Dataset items

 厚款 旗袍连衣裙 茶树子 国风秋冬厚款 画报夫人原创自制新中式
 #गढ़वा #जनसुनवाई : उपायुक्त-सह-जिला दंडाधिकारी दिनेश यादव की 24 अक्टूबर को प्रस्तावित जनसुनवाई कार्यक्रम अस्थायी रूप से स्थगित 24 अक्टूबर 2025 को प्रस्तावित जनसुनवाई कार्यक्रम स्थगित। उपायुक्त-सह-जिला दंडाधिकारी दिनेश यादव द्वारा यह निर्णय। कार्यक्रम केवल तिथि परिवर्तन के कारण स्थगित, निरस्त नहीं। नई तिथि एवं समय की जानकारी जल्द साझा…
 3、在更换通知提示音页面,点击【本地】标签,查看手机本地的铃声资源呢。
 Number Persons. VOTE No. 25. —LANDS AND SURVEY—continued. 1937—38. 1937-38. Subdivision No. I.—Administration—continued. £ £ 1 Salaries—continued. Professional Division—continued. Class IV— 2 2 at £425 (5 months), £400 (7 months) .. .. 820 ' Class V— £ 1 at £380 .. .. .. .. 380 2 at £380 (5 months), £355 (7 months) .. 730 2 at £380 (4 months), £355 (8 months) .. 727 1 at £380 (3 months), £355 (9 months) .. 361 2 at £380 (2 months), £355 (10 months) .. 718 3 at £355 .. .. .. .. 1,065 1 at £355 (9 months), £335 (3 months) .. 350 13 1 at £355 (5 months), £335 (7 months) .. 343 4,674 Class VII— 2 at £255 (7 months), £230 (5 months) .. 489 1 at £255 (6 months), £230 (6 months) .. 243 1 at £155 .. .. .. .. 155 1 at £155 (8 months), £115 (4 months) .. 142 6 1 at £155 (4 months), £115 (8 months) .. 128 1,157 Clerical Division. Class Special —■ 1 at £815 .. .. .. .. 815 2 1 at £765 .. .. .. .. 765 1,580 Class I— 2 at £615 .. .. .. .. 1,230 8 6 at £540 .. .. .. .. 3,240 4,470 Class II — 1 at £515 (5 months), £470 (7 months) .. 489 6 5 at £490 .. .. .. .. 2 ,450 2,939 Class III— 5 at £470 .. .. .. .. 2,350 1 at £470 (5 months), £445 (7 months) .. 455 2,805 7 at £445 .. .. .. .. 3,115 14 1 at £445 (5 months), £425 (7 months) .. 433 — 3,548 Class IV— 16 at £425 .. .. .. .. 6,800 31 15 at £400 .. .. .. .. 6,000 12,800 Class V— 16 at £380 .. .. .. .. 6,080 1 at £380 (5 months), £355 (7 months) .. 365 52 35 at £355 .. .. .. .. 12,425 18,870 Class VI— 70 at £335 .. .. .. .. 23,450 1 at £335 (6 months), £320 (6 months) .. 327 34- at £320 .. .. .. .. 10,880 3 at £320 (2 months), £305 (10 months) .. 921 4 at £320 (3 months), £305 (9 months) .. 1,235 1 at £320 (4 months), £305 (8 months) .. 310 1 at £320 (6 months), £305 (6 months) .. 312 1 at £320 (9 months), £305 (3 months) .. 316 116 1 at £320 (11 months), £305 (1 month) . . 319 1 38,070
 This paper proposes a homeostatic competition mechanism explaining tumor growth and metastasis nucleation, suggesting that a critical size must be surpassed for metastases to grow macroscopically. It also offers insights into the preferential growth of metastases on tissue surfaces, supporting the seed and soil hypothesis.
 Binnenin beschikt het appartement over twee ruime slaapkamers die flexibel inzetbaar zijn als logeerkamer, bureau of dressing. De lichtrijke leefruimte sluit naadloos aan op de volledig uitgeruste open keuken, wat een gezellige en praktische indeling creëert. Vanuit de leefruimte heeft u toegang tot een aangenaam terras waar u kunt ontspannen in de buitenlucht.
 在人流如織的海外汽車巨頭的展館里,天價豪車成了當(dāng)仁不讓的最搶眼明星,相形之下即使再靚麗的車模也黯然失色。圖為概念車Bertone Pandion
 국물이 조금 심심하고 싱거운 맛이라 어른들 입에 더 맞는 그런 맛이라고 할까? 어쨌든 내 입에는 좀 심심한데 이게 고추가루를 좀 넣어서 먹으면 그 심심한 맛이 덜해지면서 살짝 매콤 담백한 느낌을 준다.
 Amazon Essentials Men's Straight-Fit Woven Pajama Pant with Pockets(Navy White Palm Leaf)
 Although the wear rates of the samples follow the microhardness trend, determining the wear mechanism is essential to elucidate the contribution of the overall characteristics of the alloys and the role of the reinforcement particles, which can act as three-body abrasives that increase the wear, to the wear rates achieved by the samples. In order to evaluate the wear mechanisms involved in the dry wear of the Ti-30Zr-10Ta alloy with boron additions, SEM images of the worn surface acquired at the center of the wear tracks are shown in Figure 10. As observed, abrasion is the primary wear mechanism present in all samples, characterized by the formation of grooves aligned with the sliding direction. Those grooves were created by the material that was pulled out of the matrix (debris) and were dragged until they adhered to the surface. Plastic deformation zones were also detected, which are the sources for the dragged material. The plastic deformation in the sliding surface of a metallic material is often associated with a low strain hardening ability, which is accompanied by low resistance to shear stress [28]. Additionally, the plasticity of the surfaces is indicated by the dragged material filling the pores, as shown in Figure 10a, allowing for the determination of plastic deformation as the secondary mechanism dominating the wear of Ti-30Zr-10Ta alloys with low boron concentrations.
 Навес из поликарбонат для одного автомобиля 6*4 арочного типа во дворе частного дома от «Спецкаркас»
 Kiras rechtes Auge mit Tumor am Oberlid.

YOUR ASSIGNMENT ▸ With nothing added or dropped, write out every entry.

OUTPUT FOR THIS TASK ▸
 厚款 旗袍连衣裙 茶树子 国风秋冬厚款 画报夫人原创自制新中式
 #गढ़वा #जनसुनवाई : उपायुक्त-सह-जिला दंडाधिकारी दिनेश यादव की 24 अक्टूबर को प्रस्तावित जनसुनवाई कार्यक्रम अस्थायी रूप से स्थगित 24 अक्टूबर 2025 को प्रस्तावित जनसुनवाई कार्यक्रम स्थगित। उपायुक्त-सह-जिला दंडाधिकारी दिनेश यादव द्वारा यह निर्णय। कार्यक्रम केवल तिथि परिवर्तन के कारण स्थगित, निरस्त नहीं। नई तिथि एवं समय की जानकारी जल्द साझा…
 3、在更换通知提示音页面,点击【本地】标签,查看手机本地的铃声资源呢。
 Number Persons. VOTE No. 25. —LANDS AND SURVEY—continued. 1937—38. 1937-38. Subdivision No. I.—Administration—continued. £ £ 1 Salaries—continued. Professional Division—continued. Class IV— 2 2 at £425 (5 months), £400 (7 months) .. .. 820 ' Class V— £ 1 at £380 .. .. .. .. 380 2 at £380 (5 months), £355 (7 months) .. 730 2 at £380 (4 months), £355 (8 months) .. 727 1 at £380 (3 months), £355 (9 months) .. 361 2 at £380 (2 months), £355 (10 months) .. 718 3 at £355 .. .. .. .. 1,065 1 at £355 (9 months), £335 (3 months) .. 350 13 1 at £355 (5 months), £335 (7 months) .. 343 4,674 Class VII— 2 at £255 (7 months), £230 (5 months) .. 489 1 at £255 (6 months), £230 (6 months) .. 243 1 at £155 .. .. .. .. 155 1 at £155 (8 months), £115 (4 months) .. 142 6 1 at £155 (4 months), £115 (8 months) .. 128 1,157 Clerical Division. Class Special —■ 1 at £815 .. .. .. .. 815 2 1 at £765 .. .. .. .. 765 1,580 Class I— 2 at £615 .. .. .. .. 1,230 8 6 at £540 .. .. .. .. 3,240 4,470 Class II — 1 at £515 (5 months), £470 (7 months) .. 489 6 5 at £490 .. .. .. .. 2 ,450 2,939 Class III— 5 at £470 .. .. .. .. 2,350 1 at £470 (5 months), £445 (7 months) .. 455 2,805 7 at £445 .. .. .. .. 3,115 14 1 at £445 (5 months), £425 (7 months) .. 433 — 3,548 Class IV— 16 at £425 .. .. .. .. 6,800 31 15 at £400 .. .. .. .. 6,000 12,800 Class V— 16 at £380 .. .. .. .. 6,080 1 at £380 (5 months), £355 (7 months) .. 365 52 35 at £355 .. .. .. .. 12,425 18,870 Class VI— 70 at £335 .. .. .. .. 23,450 1 at £335 (6 months), £320 (6 months) .. 327 34- at £320 .. .. .. .. 10,880 3 at £320 (2 months), £305 (10 months) .. 921 4 at £320 (3 months), £305 (9 months) .. 1,235 1 at £320 (4 months), £305 (8 months) .. 310 1 at £320 (6 months), £305 (6 months) .. 312 1 at £320 (9 months), £305 (3 months) .. 316 116 1 at £320 (11 months), £305 (1 month) . . 319 1 38,070
 This paper proposes a homeostatic competition mechanism explaining tumor growth and metastasis nucleation, suggesting that a critical size must be surpassed for metastases to grow macroscopically. It also offers insights into the preferential growth of metastases on tissue surfaces, supporting the seed and soil hypothesis.
 Binnenin beschikt het appartement over twee ruime slaapkamers die flexibel inzetbaar zijn als logeerkamer, bureau of dressing. De lichtrijke leefruimte sluit naadloos aan op de volledig uitgeruste open keuken, wat een gezellige en praktische indeling creëert. Vanuit de leefruimte heeft u toegang tot een aangenaam terras waar u kunt ontspannen in de buitenlucht.
 在人流如織的海外汽車巨頭的展館里,天價豪車成了當(dāng)仁不讓的最搶眼明星,相形之下即使再靚麗的車模也黯然失色。圖為概念車Bertone Pandion
 국물이 조금 심심하고 싱거운 맛이라 어른들 입에 더 맞는 그런 맛이라고 할까? 어쨌든 내 입에는 좀 심심한데 이게 고추가루를 좀 넣어서 먹으면 그 심심한 맛이 덜해지면서 살짝 매콤 담백한 느낌을 준다.
 Amazon Essentials Men's Straight-Fit Woven Pajama Pant with Pockets(Navy White Palm Leaf)
 Although the wear rates of the samples follow the microhardness trend, determining the wear mechanism is essential to elucidate the contribution of the overall characteristics of the alloys and the role of the reinforcement particles, which can act as three-body abrasives that increase the wear, to the wear rates achieved by the samples. In order to evaluate the wear mechanisms involved in the dry wear of the Ti-30Zr-10Ta alloy with boron additions, SEM images of the worn surface acquired at the center of the wear tracks are shown in Figure 10. As observed, abrasion is the primary wear mechanism present in all samples, characterized by the formation of grooves aligned with the sliding direction. Those grooves were created by the material that was pulled out of the matrix (debris) and were dragged until they adhered to the surface. Plastic deformation zones were also detected, which are the sources for the dragged material. The plastic deformation in the sliding surface of a metallic material is often associated with a low strain hardening ability, which is accompanied by low resistance to shear stress [28]. Additionally, the plasticity of the surfaces is indicated by the dragged material filling the pores, as shown in Figure 10a, allowing for the determination of plastic deformation as the secondary mechanism dominating the wear of Ti-30Zr-10Ta alloys with low boron concentrations.
 Навес из поликарбонат для одного автомобиля 6*4 арочного типа во дворе частного дома от «Спецкаркас»
 Kiras rechtes Auge mit Tumor am Oberlid.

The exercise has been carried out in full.